WHAT TO PRODUCE> No pictures belong in the copy. Restate the rest of the data exactly.
DATA SECTION START
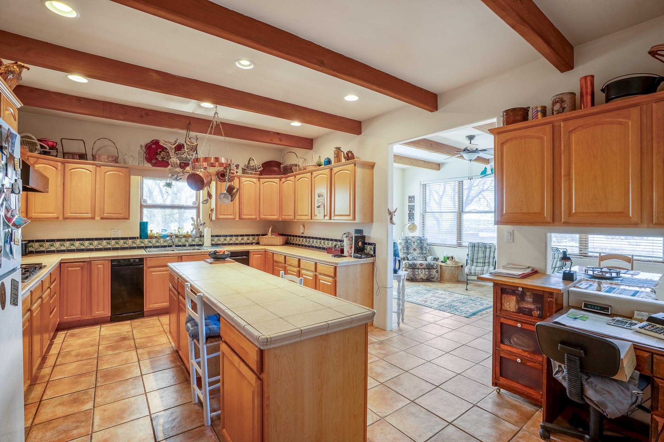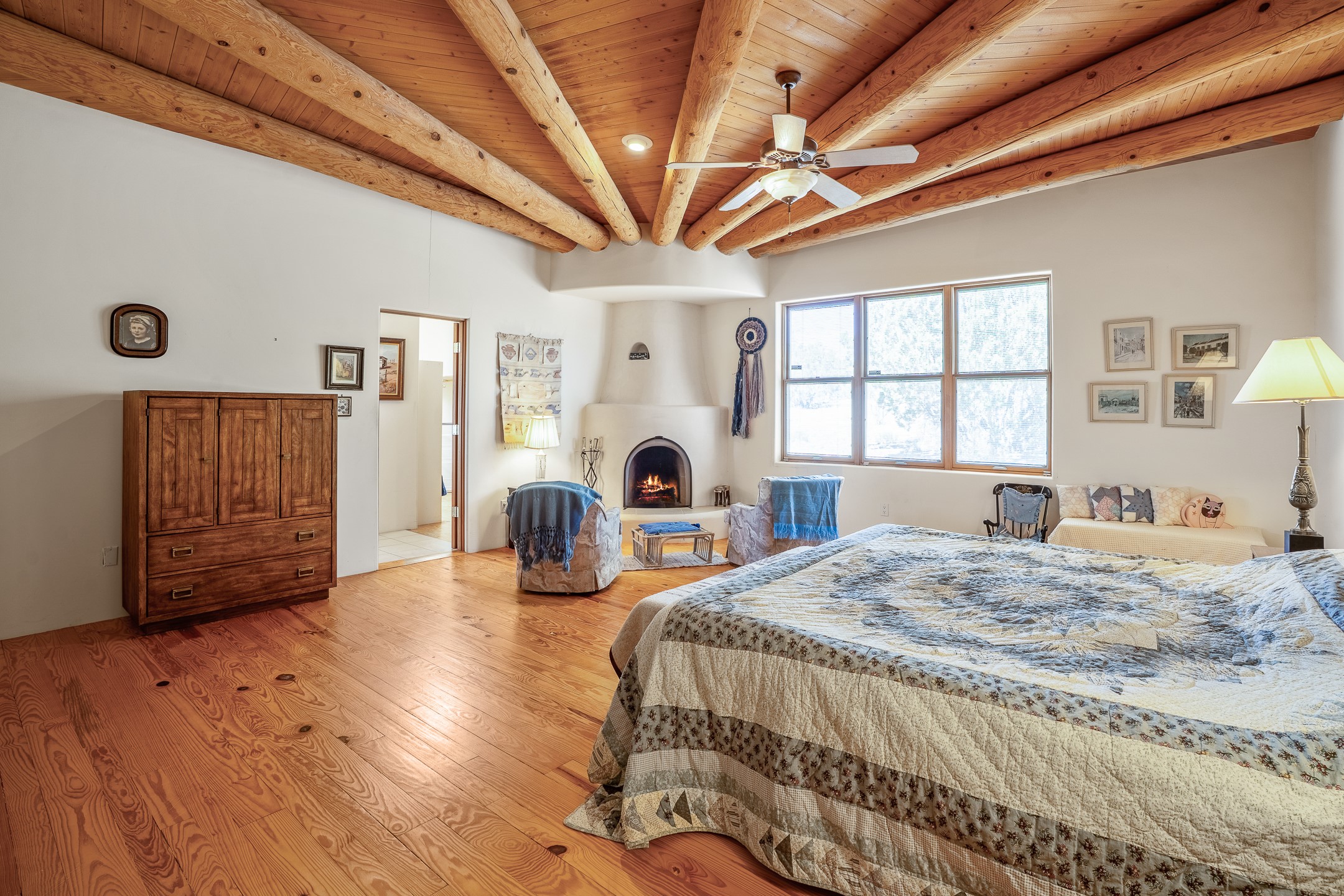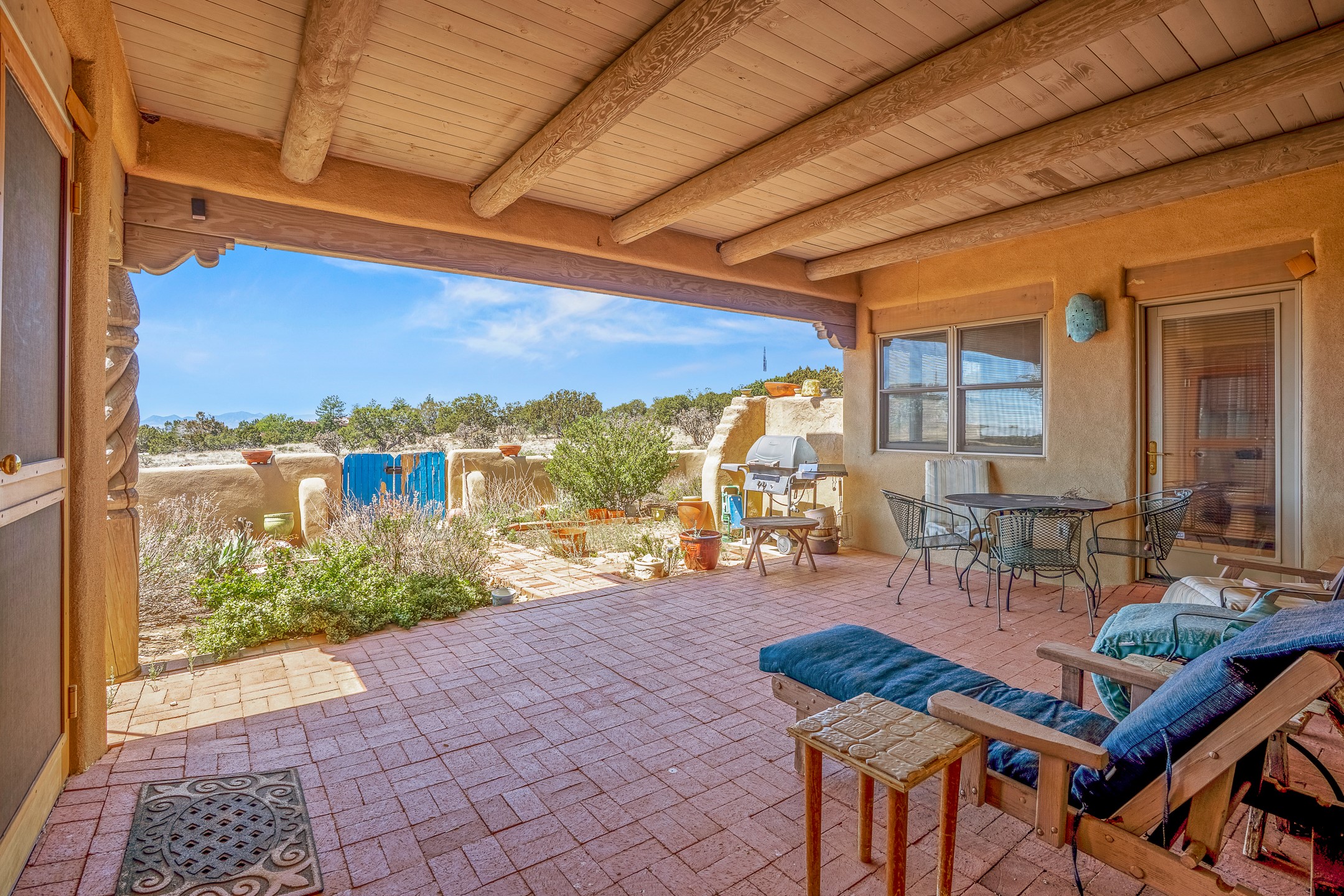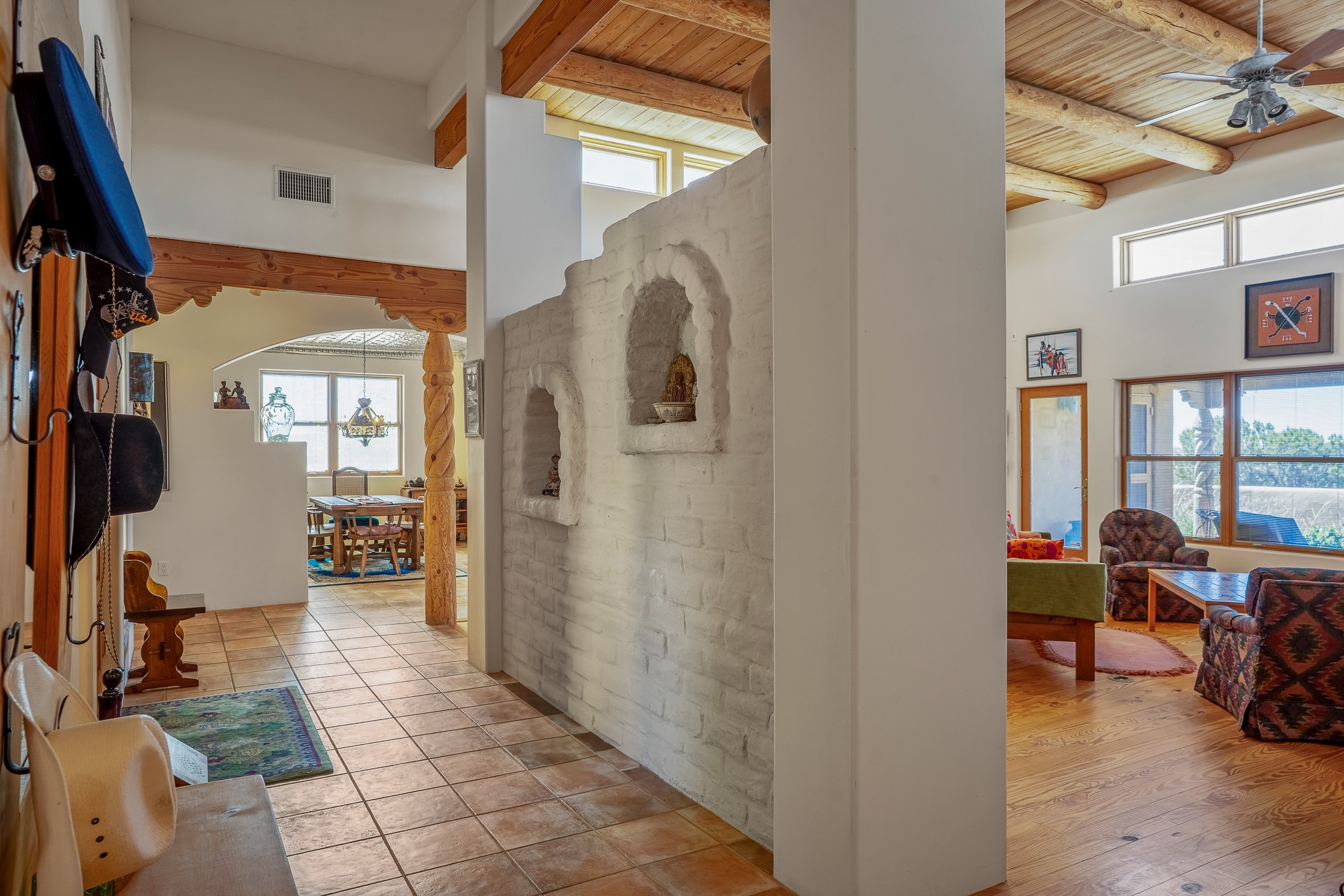 Welcome to Tierra de Casta, where spacious living meets breathtaking beauty! On five acres, with all the room you could ever desire to breathe, relax, and simply be. Step inside this homey residence, boasting over 4000 square feet of well designed space. From the moment you enter, you'll be captivated by the comfortable feeling of large rooms and soaring ceilings, all adorned with fine finishes that speak to a true sense of quality living. Prepare to be enchanted by the primary suite - it's a true sanctuary! Cozy evenings by the Kiva fireplace, with the rustic charm of vigas and tongue and groove ceilings adding a touch of authentic Southwestern warmth. The luxury bath invites you to unwind, whether you choose a soothing soak in the Jacuzzi tub or a refreshing rinse in the separate shower. Two additional generously sized bedrooms, each with its own ensuite bath, provide comfort and privacy for family or guests. Plus, a wonderfully large den, office, or library or another bedroom awaits your inspiration - for work, study, or simply curling up with a good book. The heart of the home, the great room, is truly something special. It offers breathtaking western views. From here, you have direct access to the formal dining room, where a beautifully stamped tin ceiling adds a unique and elegant touch to your gatherings. The well-appointed kitchen, featuring a spacious island, is ready for all your culinary adventures. And don't forget the sunroom! It's a cheerful spot with easy access to the rear portal, perfect for enjoying your morning coffee or evening refreshments in the fresh air. If you've been searching for a place with ample space to live, entertain, and create lasting memories, look no further. This home truly has all you need and so much more. Welcome to Tierra de Casta - we're so happy to have you!
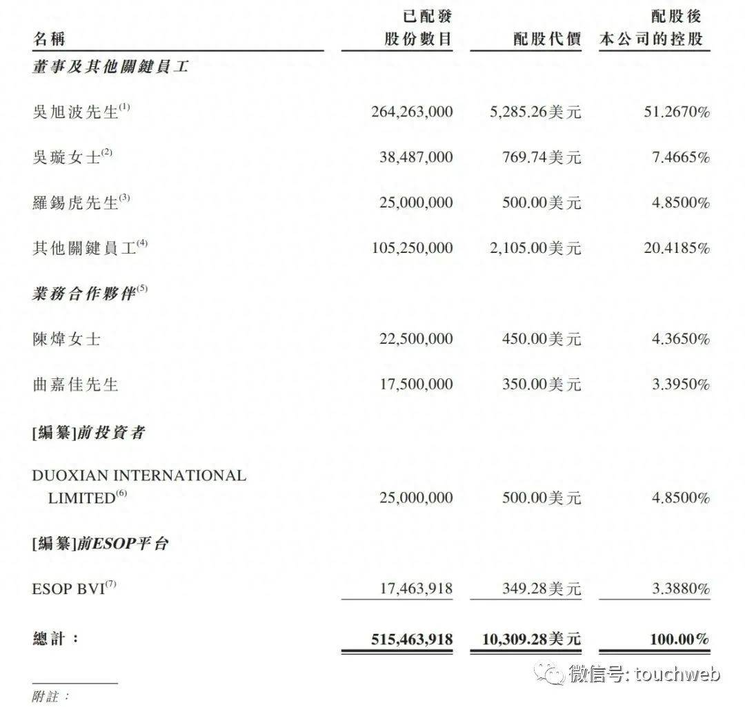IPO前,吴旭波持股为51.267%,吴璇女士持股为7.4665%,罗锡虎持股为4.85%,其他关键员工持股为20.4185%;
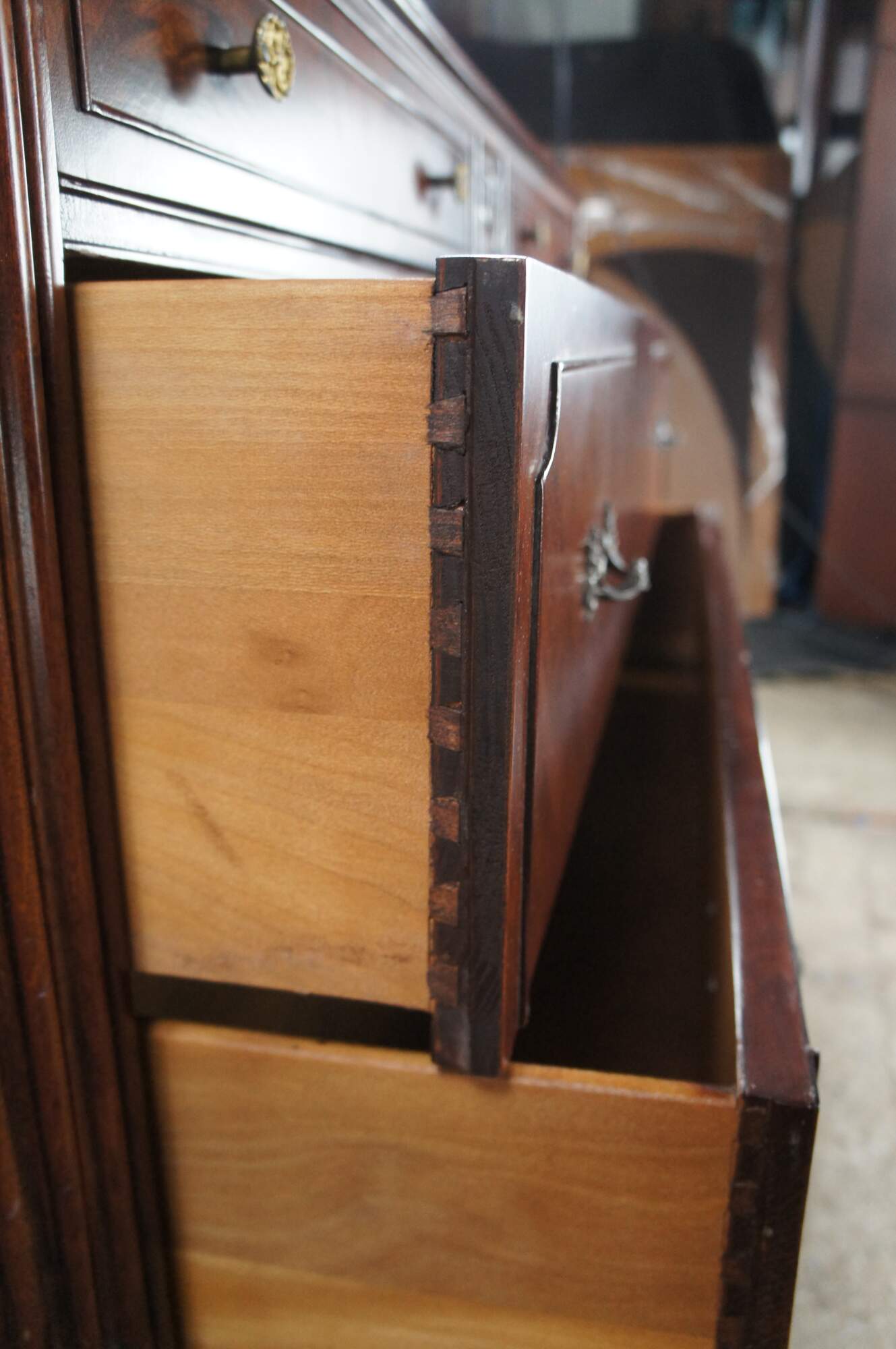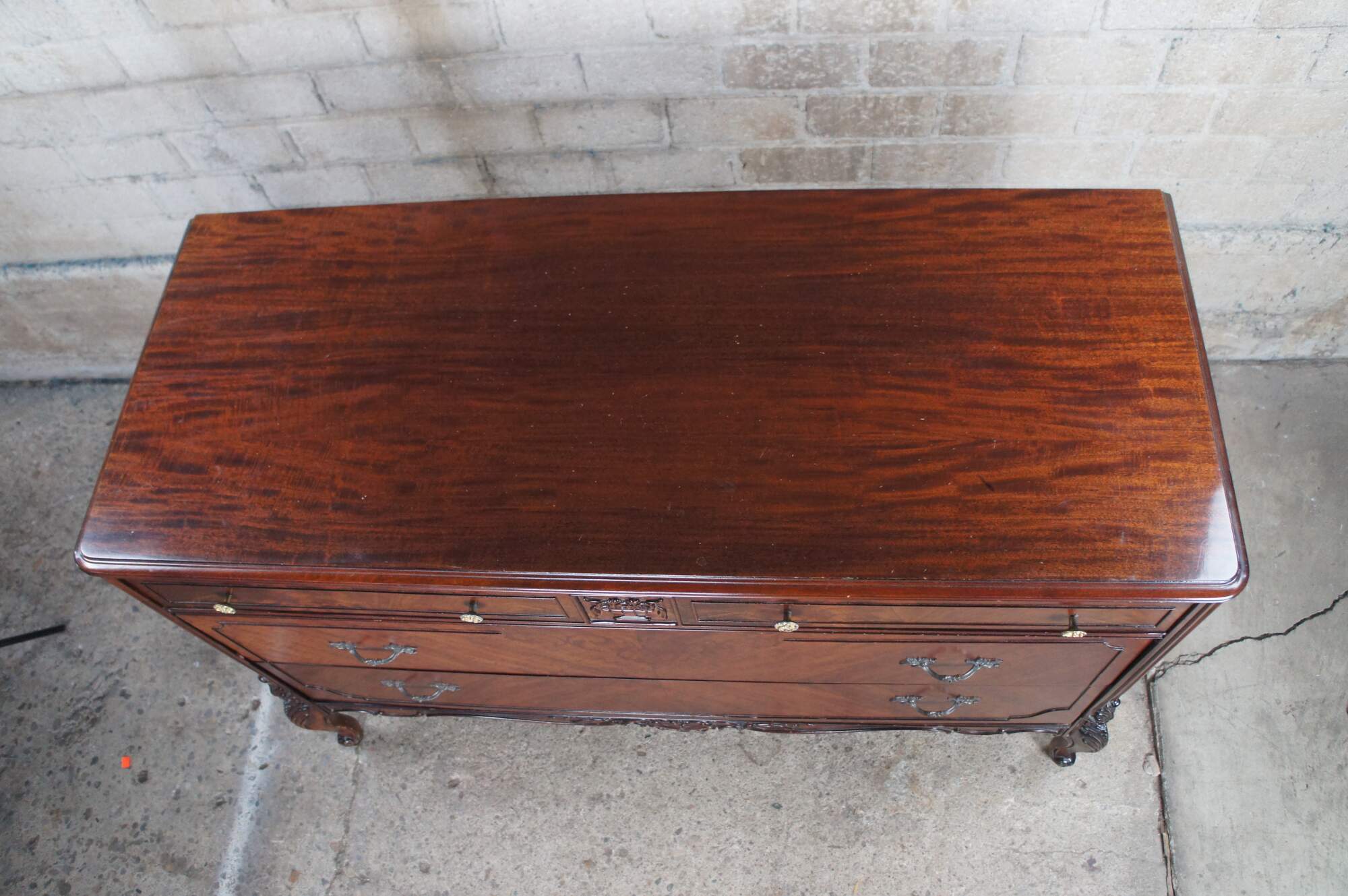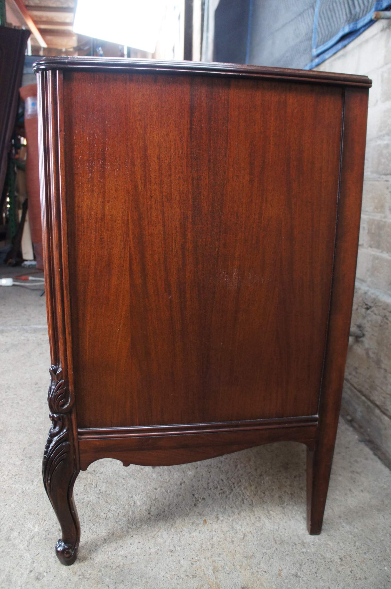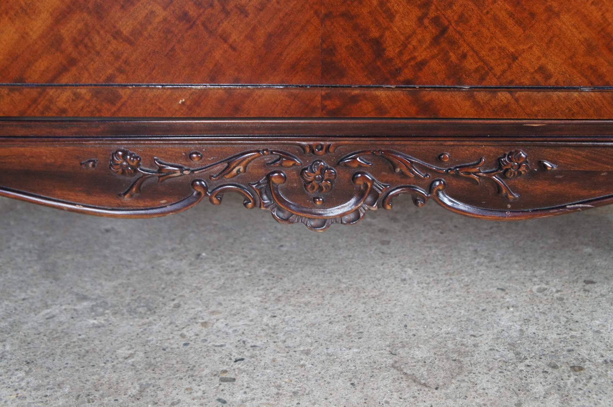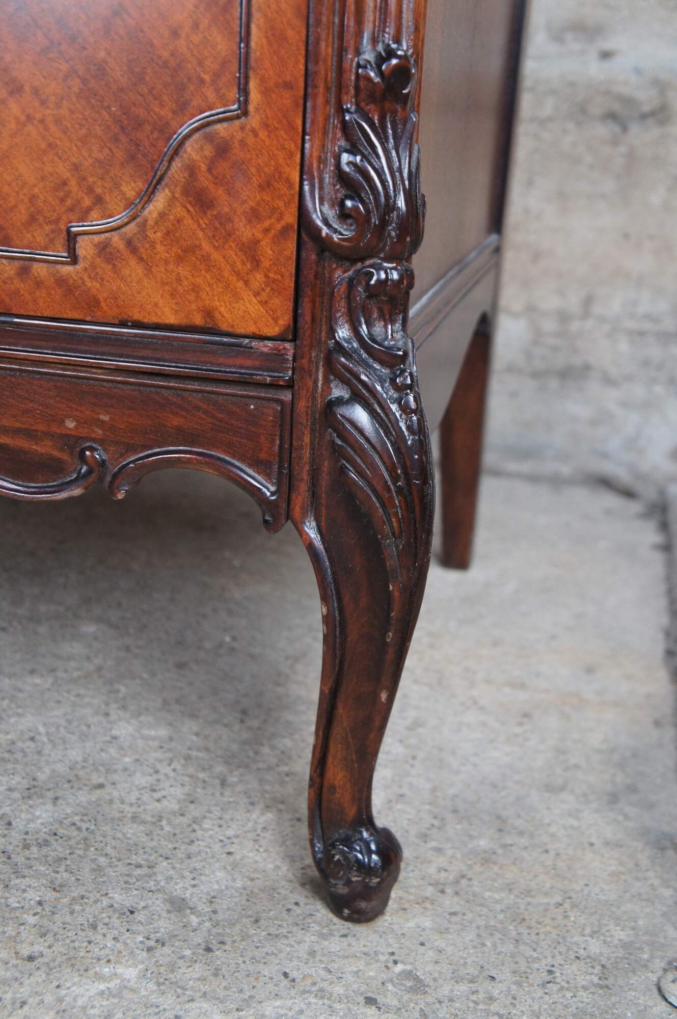 French Provincial Art Deco era Chest of Drawers, circa 1930s. Features a mahogany frame with matchbook burled veneer. The rectangular frame has one large streamline cornucopia carved drawer over two larger lower drawers. The middle drawer showcases marquetry inlay with acanthus scrolled and tulip designs. The outer stiles are reeded with acanthus carved corbel accents over French cabriole legs. Legs flank a serpentine foliate carved apron. Drawer pulls are made of brass.
DATA SECTION END
SOLUTION TO THE PROBLEM>
 Welcome to Tierra de Casta, where spacious living meets breathtaking beauty! On five acres, with all the room you could ever desire to breathe, relax, and simply be. Step inside this homey residence, boasting over 4000 square feet of well designed space. From the moment you enter, you'll be captivated by the comfortable feeling of large rooms and soaring ceilings, all adorned with fine finishes that speak to a true sense of quality living. Prepare to be enchanted by the primary suite - it's a true sanctuary! Cozy evenings by the Kiva fireplace, with the rustic charm of vigas and tongue and groove ceilings adding a touch of authentic Southwestern warmth. The luxury bath invites you to unwind, whether you choose a soothing soak in the Jacuzzi tub or a refreshing rinse in the separate shower. Two additional generously sized bedrooms, each with its own ensuite bath, provide comfort and privacy for family or guests. Plus, a wonderfully large den, office, or library or another bedroom awaits your inspiration - for work, study, or simply curling up with a good book. The heart of the home, the great room, is truly something special. It offers breathtaking western views. From here, you have direct access to the formal dining room, where a beautifully stamped tin ceiling adds a unique and elegant touch to your gatherings. The well-appointed kitchen, featuring a spacious island, is ready for all your culinary adventures. And don't forget the sunroom! It's a cheerful spot with easy access to the rear portal, perfect for enjoying your morning coffee or evening refreshments in the fresh air. If you've been searching for a place with ample space to live, entertain, and create lasting memories, look no further. This home truly has all you need and so much more. Welcome to Tierra de Casta - we're so happy to have you!
IPO前,吴旭波持股为51.267%,吴璇女士持股为7.4665%,罗锡虎持股为4.85%,其他关键员工持股为20.4185%;
 French Provincial Art Deco era Chest of Drawers, circa 1930s. Features a mahogany frame with matchbook burled veneer. The rectangular frame has one large streamline cornucopia carved drawer over two larger lower drawers. The middle drawer showcases marquetry inlay with acanthus scrolled and tulip designs. The outer stiles are reeded with acanthus carved corbel accents over French cabriole legs. Legs flank a serpentine foliate carved apron. Drawer pulls are made of brass.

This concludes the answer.